(TASK DIRECTIONS) Everything in the listing below from the line containing "Dabei steht bei" through the line containing "на двух угл.изоляторах" must be repeated exactly; the remaining lines are not wanted.

(AVAILABLE RECORDS)

━━━━

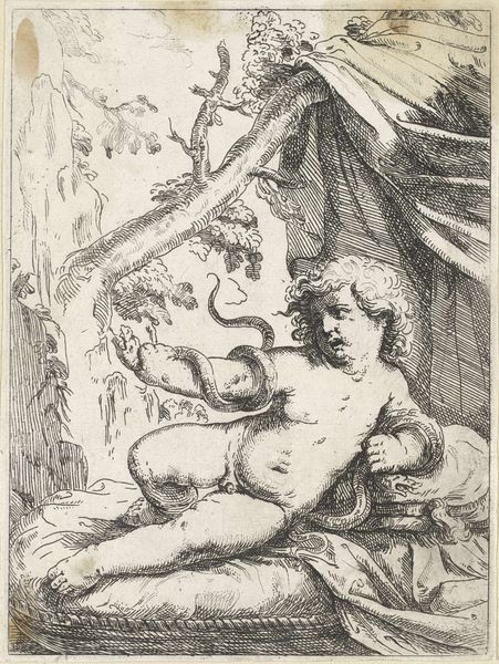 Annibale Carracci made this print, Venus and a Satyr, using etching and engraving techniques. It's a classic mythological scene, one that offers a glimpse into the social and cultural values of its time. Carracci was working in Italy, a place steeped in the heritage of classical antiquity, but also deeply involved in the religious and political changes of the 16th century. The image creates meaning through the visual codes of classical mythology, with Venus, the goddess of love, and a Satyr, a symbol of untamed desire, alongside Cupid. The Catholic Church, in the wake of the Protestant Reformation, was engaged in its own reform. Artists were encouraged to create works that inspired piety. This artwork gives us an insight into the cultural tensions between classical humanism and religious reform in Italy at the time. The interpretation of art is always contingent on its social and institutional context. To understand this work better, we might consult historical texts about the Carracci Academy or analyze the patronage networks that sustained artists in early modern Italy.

━━━━

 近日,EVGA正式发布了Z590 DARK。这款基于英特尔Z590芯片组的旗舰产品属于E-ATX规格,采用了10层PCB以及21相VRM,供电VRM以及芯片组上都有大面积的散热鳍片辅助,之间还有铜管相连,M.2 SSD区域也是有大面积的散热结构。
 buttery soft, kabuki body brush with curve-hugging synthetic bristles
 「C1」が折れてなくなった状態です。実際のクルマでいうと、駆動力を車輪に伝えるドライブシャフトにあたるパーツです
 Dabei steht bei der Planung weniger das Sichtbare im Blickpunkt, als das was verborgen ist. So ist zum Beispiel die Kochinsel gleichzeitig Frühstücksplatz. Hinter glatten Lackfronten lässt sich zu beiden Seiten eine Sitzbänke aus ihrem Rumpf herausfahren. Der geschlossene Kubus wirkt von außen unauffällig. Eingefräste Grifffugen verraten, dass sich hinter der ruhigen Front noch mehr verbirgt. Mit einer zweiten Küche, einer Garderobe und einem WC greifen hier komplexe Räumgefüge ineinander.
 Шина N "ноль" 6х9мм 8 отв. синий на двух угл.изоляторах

━━━━

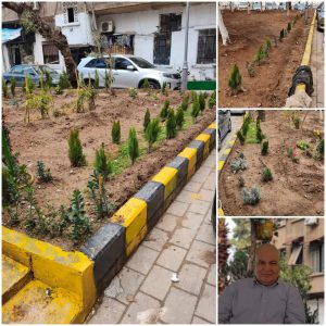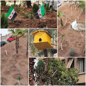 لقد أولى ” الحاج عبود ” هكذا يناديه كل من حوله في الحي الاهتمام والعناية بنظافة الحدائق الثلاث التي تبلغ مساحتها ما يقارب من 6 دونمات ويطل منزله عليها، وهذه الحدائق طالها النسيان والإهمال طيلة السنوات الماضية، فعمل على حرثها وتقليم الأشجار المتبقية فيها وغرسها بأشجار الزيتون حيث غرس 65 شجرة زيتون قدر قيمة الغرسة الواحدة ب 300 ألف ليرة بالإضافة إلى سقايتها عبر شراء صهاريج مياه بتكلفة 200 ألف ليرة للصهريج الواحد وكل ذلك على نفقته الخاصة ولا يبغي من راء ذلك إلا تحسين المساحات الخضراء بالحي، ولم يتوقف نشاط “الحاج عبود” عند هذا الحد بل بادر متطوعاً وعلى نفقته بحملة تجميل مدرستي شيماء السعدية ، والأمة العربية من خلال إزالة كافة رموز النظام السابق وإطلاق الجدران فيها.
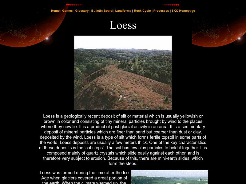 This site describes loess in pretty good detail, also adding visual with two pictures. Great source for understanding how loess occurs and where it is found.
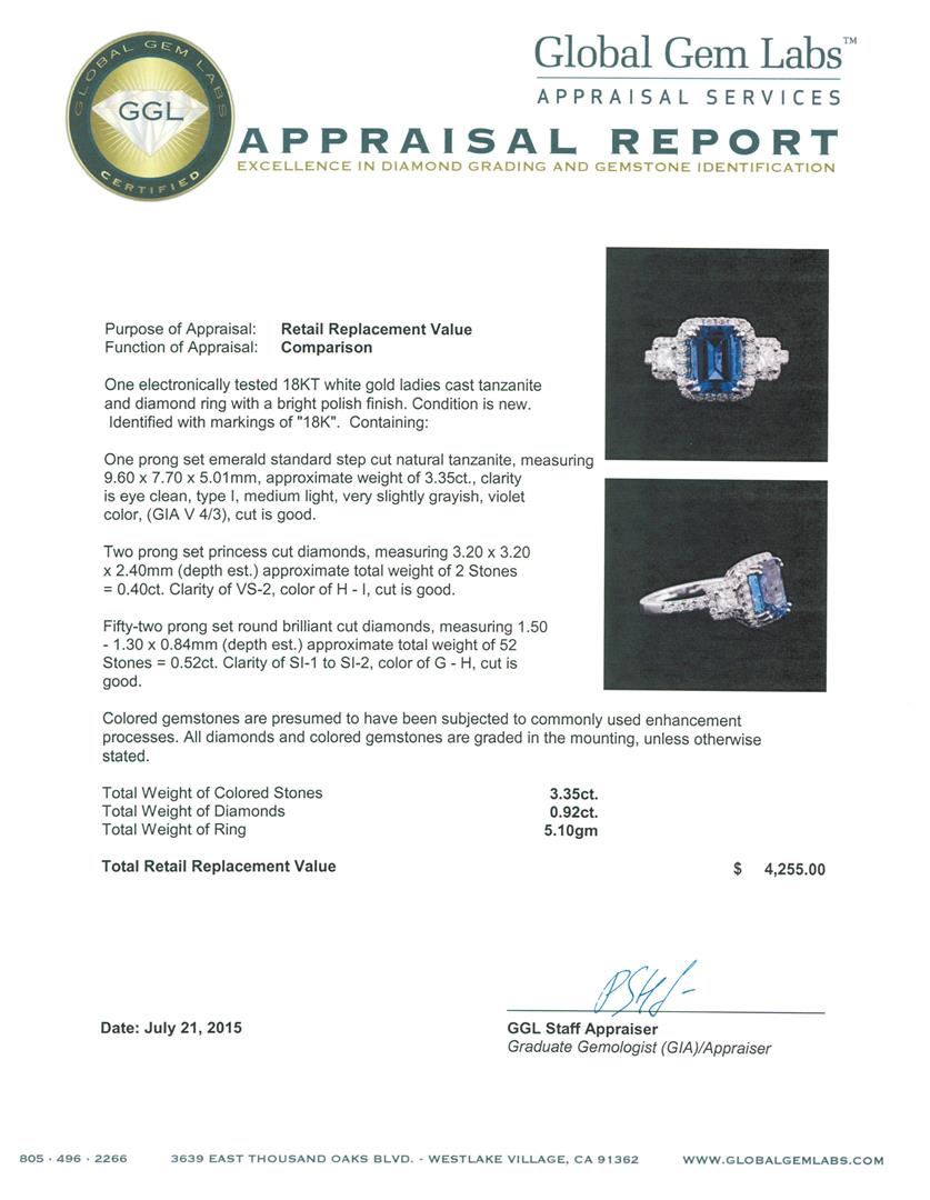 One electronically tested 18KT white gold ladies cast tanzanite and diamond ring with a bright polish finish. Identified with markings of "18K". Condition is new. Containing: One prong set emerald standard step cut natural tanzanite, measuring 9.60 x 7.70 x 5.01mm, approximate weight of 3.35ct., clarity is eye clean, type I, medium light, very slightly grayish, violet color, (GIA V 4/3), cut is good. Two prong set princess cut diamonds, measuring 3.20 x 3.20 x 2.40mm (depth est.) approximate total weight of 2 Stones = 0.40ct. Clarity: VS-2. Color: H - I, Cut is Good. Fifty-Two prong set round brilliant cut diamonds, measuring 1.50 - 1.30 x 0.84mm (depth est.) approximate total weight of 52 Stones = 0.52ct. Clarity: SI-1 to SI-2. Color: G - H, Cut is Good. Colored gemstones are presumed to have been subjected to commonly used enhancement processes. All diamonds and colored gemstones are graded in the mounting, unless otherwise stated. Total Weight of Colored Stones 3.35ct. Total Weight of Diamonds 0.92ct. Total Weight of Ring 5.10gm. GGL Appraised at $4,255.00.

━━━━

(RESULT FOR THIS EXERCISE)
 Dabei steht bei der Planung weniger das Sichtbare im Blickpunkt, als das was verborgen ist. So ist zum Beispiel die Kochinsel gleichzeitig Frühstücksplatz. Hinter glatten Lackfronten lässt sich zu beiden Seiten eine Sitzbänke aus ihrem Rumpf herausfahren. Der geschlossene Kubus wirkt von außen unauffällig. Eingefräste Grifffugen verraten, dass sich hinter der ruhigen Front noch mehr verbirgt. Mit einer zweiten Küche, einer Garderobe und einem WC greifen hier komplexe Räumgefüge ineinander.
 Шина N "ноль" 6х9мм 8 отв. синий на двух угл.изоляторах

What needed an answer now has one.